The activation energy is not the average kinetic energy that the colliding particles need in order to successfully react. Instead, it is the energy barrier between reactants and products. Often, the energy required to cross the barrier comes from the kinetic energy of collisions.

To describe the rate of a reaction there are two models, the Arrhenius model and the more sophisticate Eyring model:

The Arrhenius model uses the activation energy, defined as the energy required to reach the transition state; the "energy" here is of various nature, not only kinetic an includes the chemical potential.

The Eyring model uses the Gibbs energy of activation for the transition state that includes an enthalpy and an entropy term ($ΔG^‡= ΔH^‡ – T ΔS^‡$).
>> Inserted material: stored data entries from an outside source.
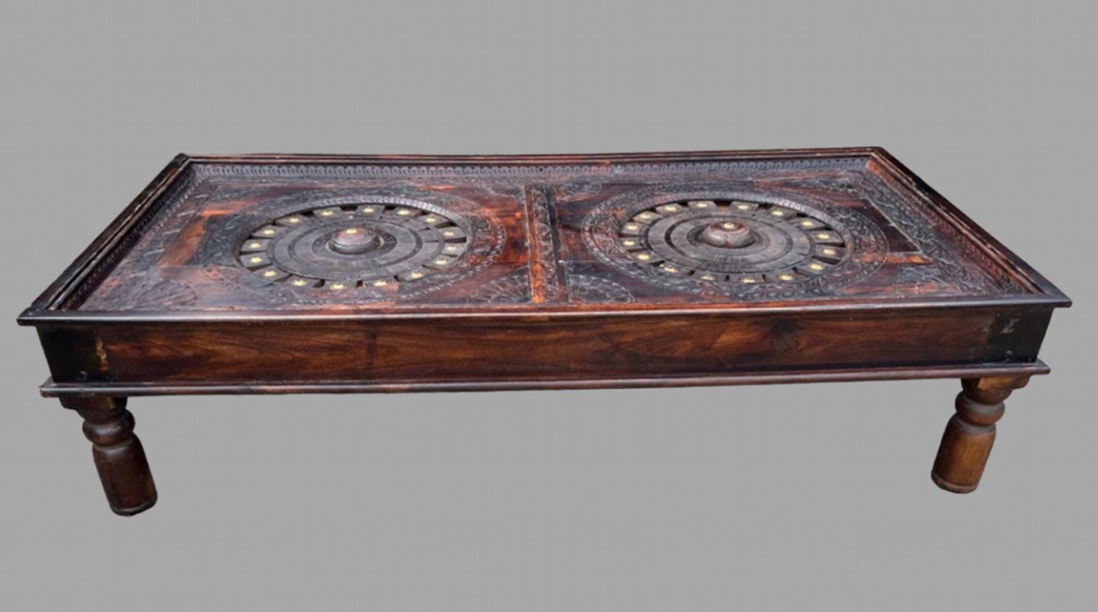 Indian Hardwood Glass Topped Door Coffee Table (1 of 6)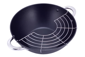 Сковорода WOK чавунна Kamille — ексклюзивна пропозиція нашого інтернет-магазину. Завдяки міцному гранітного покриття, такий казан стійкий до механічних впливів, за рахунок чого значно збільшується термін його служби. Казан нагрівається рівномірно, не створюючи перегрітих ділянок і холодних країв, навіть у тих випадках, коли процес приготування їжі йде на невеликому вогні. У результаті скорочується час приготування страви і зменшується ризик є суміш недосмажене або пережареної їжі. Вже після першого використання казана Ви будете дивуватися, як могли обходиться без неї раніше. Матеріал: чавун, з антипригарним покриттям. В комплекті: кришка з арома-ручкою, нейлонова лопатка, бамбукові палички, сітка.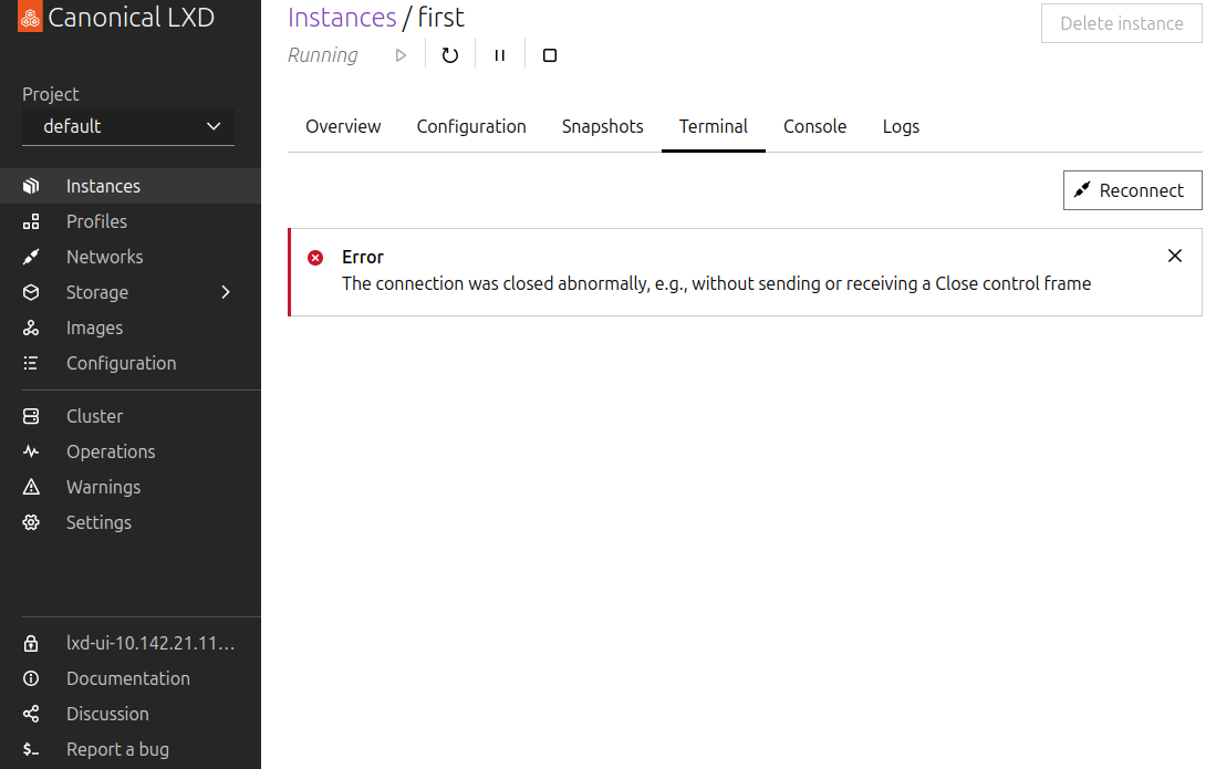 The UI cannot open a terminal for your container anymore, because you deleted the bash command. Luckily, we have a snapshot we can use to restore the container to a previous state.

In comparison, for a unimolecular, one-step reaction, the activation energy can be approximately expressed as $E_a = ΔH^‡ + RT$.

There are different y-axis in these diagrams as explained in a related answer:
Y-axis of the reaction co-ordinate graph. Depending on the model and reaction you want to study you can use the Gibbs energy (Eyring model), energy in general (Arrhenius model) or enthalpy in case you want to show the heat absorbed or released in a reaction at constant pressure.

Why does your graph show potential energy?

In simple terms, potential energy is stored energy while kinetic energy is the energy of motion. Potential energy is converted into kinetic energy, therefore you can account for the latter including it in the overall potential energy.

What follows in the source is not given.